But what if the entire framework is wrong?
In this episode, I’m connecting two stories that have never been told together—and the implications for mental health care are massive.
What This Episode Covers
The Buried Controversy
A 2006 CDC study of 34,000+ Americans found zero evidence for seasonal affective disorder as a distinct condition. No seasonal patterns in depression. No correlation with latitude or sunlight hours. Even among people already experiencing depression, there was no winter spike.
This research has been largely ignored. Meanwhile, we keep prescribing light boxes and calling it evidence-based care.
The Population We’ve Been Ignoring
If seasonal mood changes ARE linked to vitamin D deficiency (which affects serotonin and dopamine production), we’ve been studying the wrong people for decades.
Here’s why: Melanin blocks UV-B radiation—the wavelength needed for vitamin D synthesis. People with darker skin require significantly more sun exposure to produce the same amount of vitamin D. African Americans have a 15 to 20-fold higher prevalence of severe vitamin D deficiency compared to European Americans.
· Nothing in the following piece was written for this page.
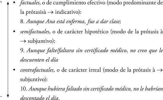 Por otra parte, si bien puede producir alguna confusión terminológica respecto de la clasificación tradicional de las concesivas como adverbiales impropias, es de destacar la pertinencia de la distinción propuesta por Flamenco (1999) entre estructuras más prototípicas o propias y menos prototípicas o impropias en virtud de su articulación,3 dada su estrecha relación con el grado de factualidad (modo en que el hablante concibe el evento de la prótasis concesiva). Así, dentro de las concesivas propias pueden distinguirse tres subclases: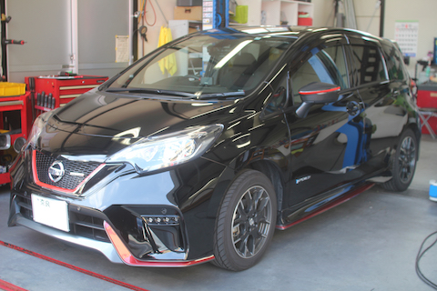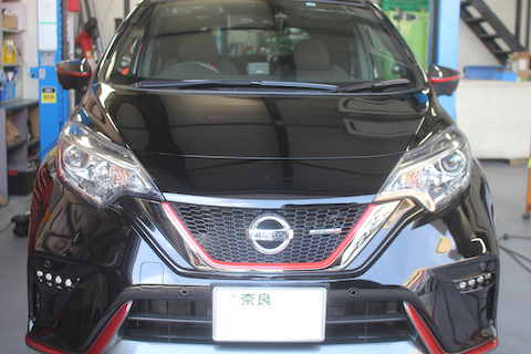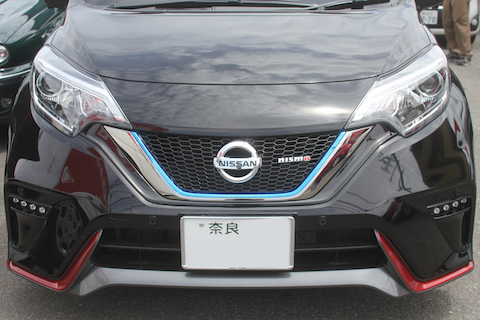 ノート E-powerのワンポイントである、ブルーメッキ。お客様はこのブルーを変えたいというお悩みでした。メッキなので、塗装ではうまくひっつかないし、後々剥がれることもありますが・・・

About 70% are deficient.
Yet mainstream coverage of seasonal depression focuses almost exclusively on populations with lighter skin. Black community health outlets mention the vitamin D gap, but still frame it as “managing a well-established condition better.”
Nobody is asking: What if the entire research paradigm has been backwards from the start?
The Precision Medicine Problem
When someone reports feeling low in January, our current approach is generic: try light therapy, consider antidepressants, increase vitamin D intake.
But what if we asked instead:
* Is this part of a multi-year pattern for this individual?
* Does this person’s skin pigmentation affect their vitamin D synthesis at their current latitude?
* Are there modifiable risk factors we should flag before symptoms become severe?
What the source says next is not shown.